If this ruling requires the governmental body to release all or part of the requested information, the governmental body is responsible for taking the next step. Based on the statute, the attorney general expects that, within 10 calendar days of this ruling, the governmental body will do one of the following three things: 1) release the public records; 2) notify the requestor of the exact day, time, and place that copies of the records will be provided or that the records can be inspected; or 3) notify the requestor of the governmental body's intent to challenge this letter ruling in court. If the governmental body fails to do one of these three things within 10 calendar days of this ruling, then the requestor should report that failure to the attorney general's Open Government Hotline, toll free, at 877/673-6839. The requestor may also file a complaint with the district or county attorney. Id. § 552.3215(e).

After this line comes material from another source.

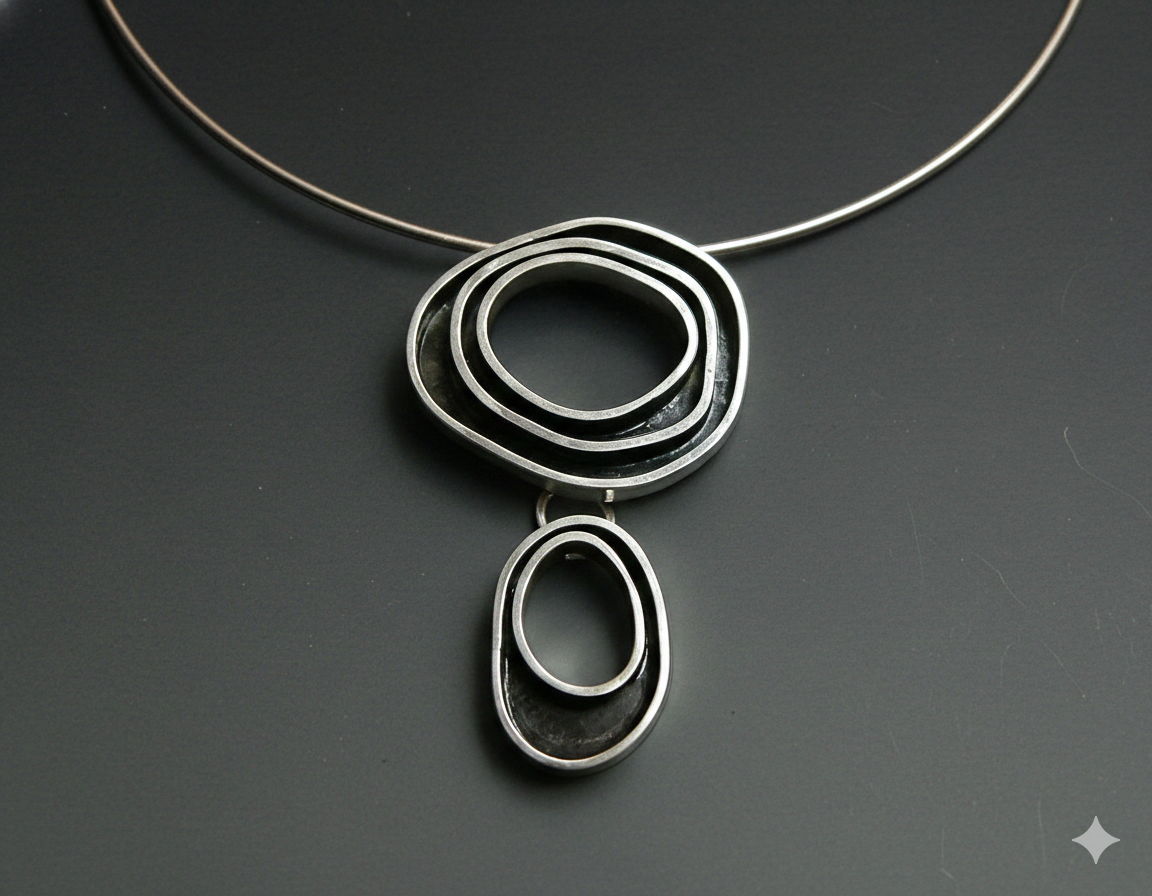 Cada módulo es creado mediante la técnica de micro-fundición y ensamblaje manual. Las capas concéntricas se sueldan con precisión milimétrica para generar una sensación de profundidad y relieve. La pieza atraviesa un proceso de oxidación selectiva en sus cámaras internas para crear un fondo oscuro que resalta el brillo satinado de los bordes superiores, acentuando su carácter escultórico.

If this ruling requires or permits the governmental body to withhold all or some of the requested information, the requestor can appeal that decision by suing the governmental body. Id. § 552.321(a); Texas Department of Public Safety v. Gilbreath, 842 S.W.2d 408, 411 (Tex. App.-Austin 1992, no writ).
If the governmental body, the requestor, or any other person has questions or comments about this ruling, they may contact our office. Although there is no statutory deadline for contacting us, the attorney general prefers to receive any comments within 10 calendar days of the date of this ruling.
Noelle C. Letteri
Ref: ID# 134659
Encl. Submitted documents
cc: Ms. Jan Soifer
1. We assume that the "representative sample" of records submitted to this office is truly representative of the requested records as a whole. See Open Records Decision Nos. 499 (1988), 497 (1988). Here, we do not address any other requested records to the extent that those records contain substantially different types of information than those submitted to this office.
2. See Act of May 29, 1999, 76th Leg., R.S., ch. 1190 § 1, 1999 Tex. Sess. Law Serv. 4168, 4168-4174.